[Action item] Everything from the first line of the data below through the line that contains "接着,中国银行淮安分行营业部" should be written out exactly, please, and nothing more; the pictures stay out.

[Information supplied]
◇ ◇ ◇ ◇
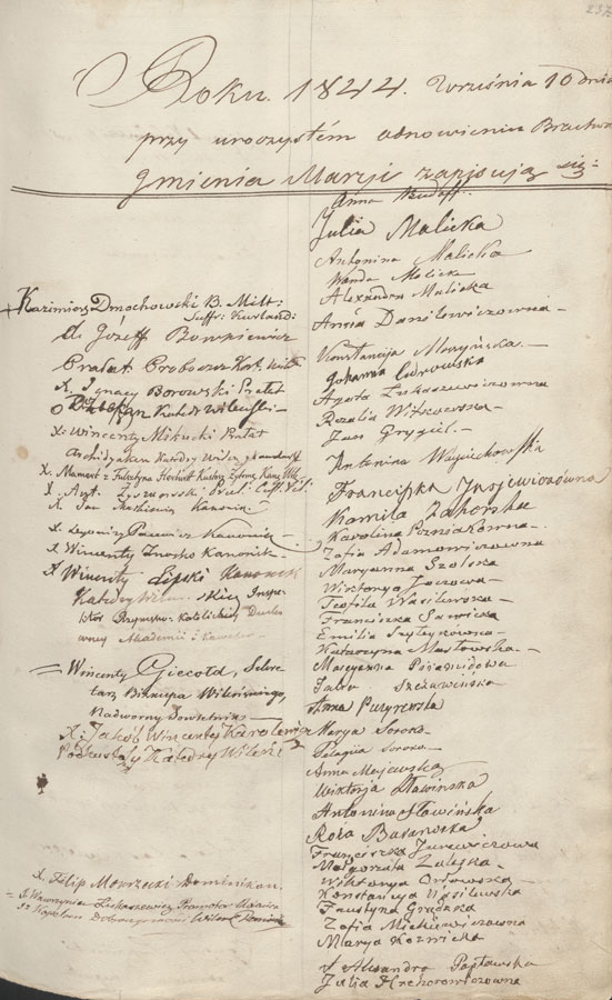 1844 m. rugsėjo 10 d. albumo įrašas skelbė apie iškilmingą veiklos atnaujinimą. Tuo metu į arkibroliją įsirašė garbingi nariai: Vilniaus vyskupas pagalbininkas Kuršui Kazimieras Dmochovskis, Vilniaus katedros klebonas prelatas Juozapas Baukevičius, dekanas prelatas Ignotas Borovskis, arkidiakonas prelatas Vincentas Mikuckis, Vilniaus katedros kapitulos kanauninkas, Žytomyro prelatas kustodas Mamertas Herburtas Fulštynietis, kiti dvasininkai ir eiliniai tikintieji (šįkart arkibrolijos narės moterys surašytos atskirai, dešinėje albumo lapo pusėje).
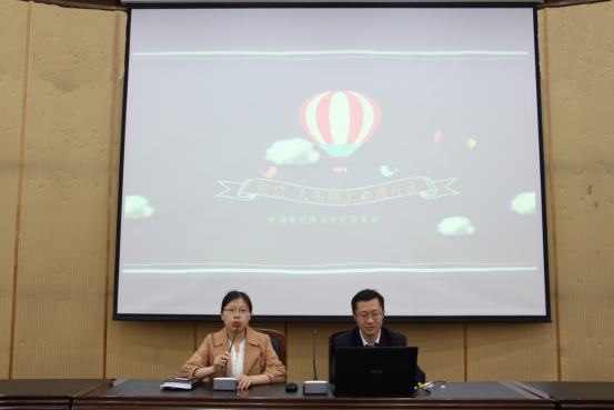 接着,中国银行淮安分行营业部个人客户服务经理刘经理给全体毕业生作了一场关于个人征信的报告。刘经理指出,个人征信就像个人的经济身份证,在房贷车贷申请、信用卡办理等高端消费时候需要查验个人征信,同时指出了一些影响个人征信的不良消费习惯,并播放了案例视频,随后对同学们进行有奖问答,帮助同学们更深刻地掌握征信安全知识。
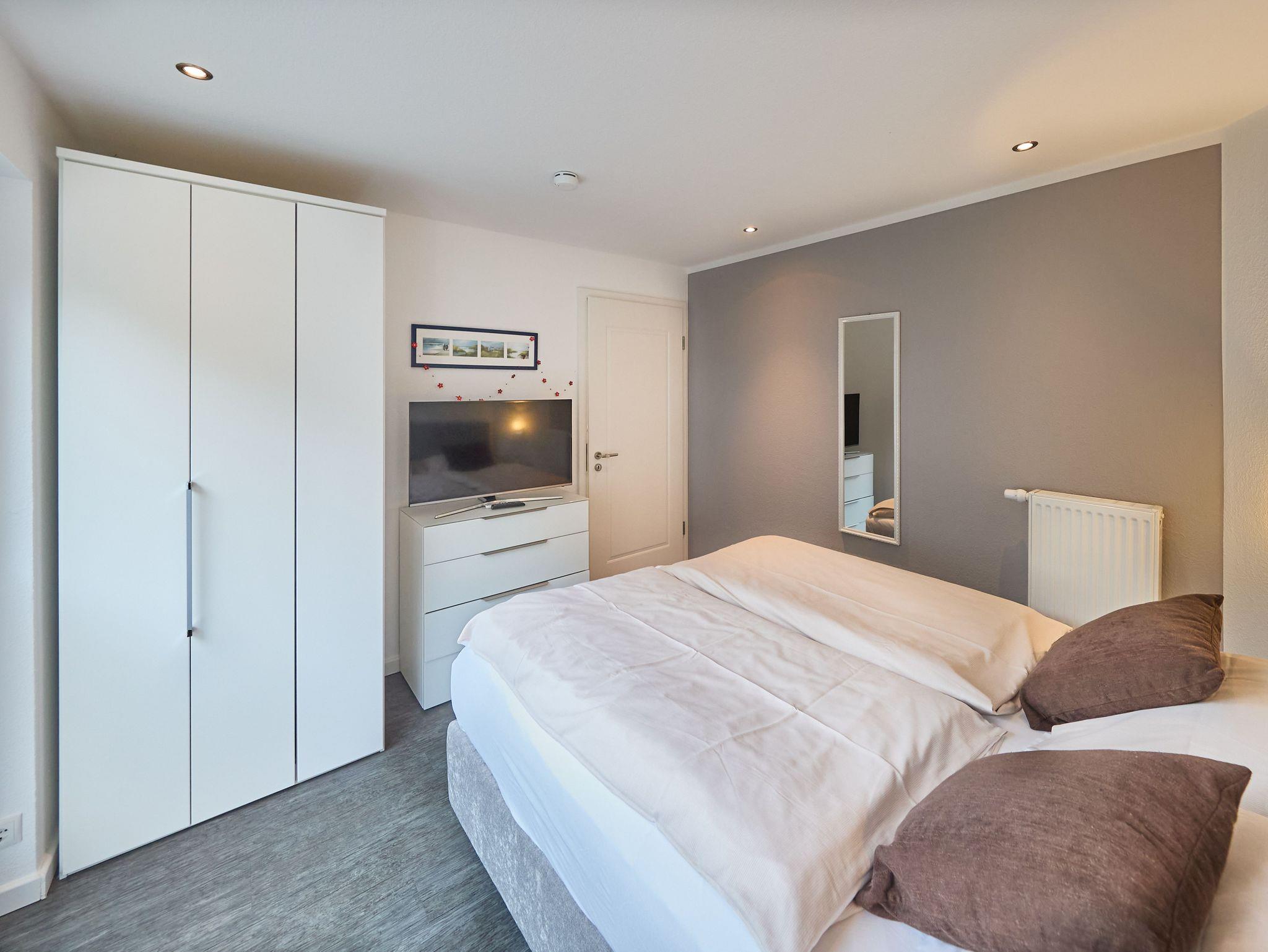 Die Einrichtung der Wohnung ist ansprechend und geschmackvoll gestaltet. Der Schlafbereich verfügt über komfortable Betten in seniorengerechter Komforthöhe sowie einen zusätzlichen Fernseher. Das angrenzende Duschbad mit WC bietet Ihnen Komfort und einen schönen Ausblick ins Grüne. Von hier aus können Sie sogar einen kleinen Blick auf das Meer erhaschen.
◇ ◇ ◇ ◇
[Reply to the exercise]
 1844 m. rugsėjo 10 d. albumo įrašas skelbė apie iškilmingą veiklos atnaujinimą. Tuo metu į arkibroliją įsirašė garbingi nariai: Vilniaus vyskupas pagalbininkas Kuršui Kazimieras Dmochovskis, Vilniaus katedros klebonas prelatas Juozapas Baukevičius, dekanas prelatas Ignotas Borovskis, arkidiakonas prelatas Vincentas Mikuckis, Vilniaus katedros kapitulos kanauninkas, Žytomyro prelatas kustodas Mamertas Herburtas Fulštynietis, kiti dvasininkai ir eiliniai tikintieji (šįkart arkibrolijos narės moterys surašytos atskirai, dešinėje albumo lapo pusėje).
 接着,中国银行淮安分行营业部个人客户服务经理刘经理给全体毕业生作了一场关于个人征信的报告。刘经理指出,个人征信就像个人的经济身份证,在房贷车贷申请、信用卡办理等高端消费时候需要查验个人征信,同时指出了一些影响个人征信的不良消费习惯,并播放了案例视频,随后对同学们进行有奖问答,帮助同学们更深刻地掌握征信安全知识。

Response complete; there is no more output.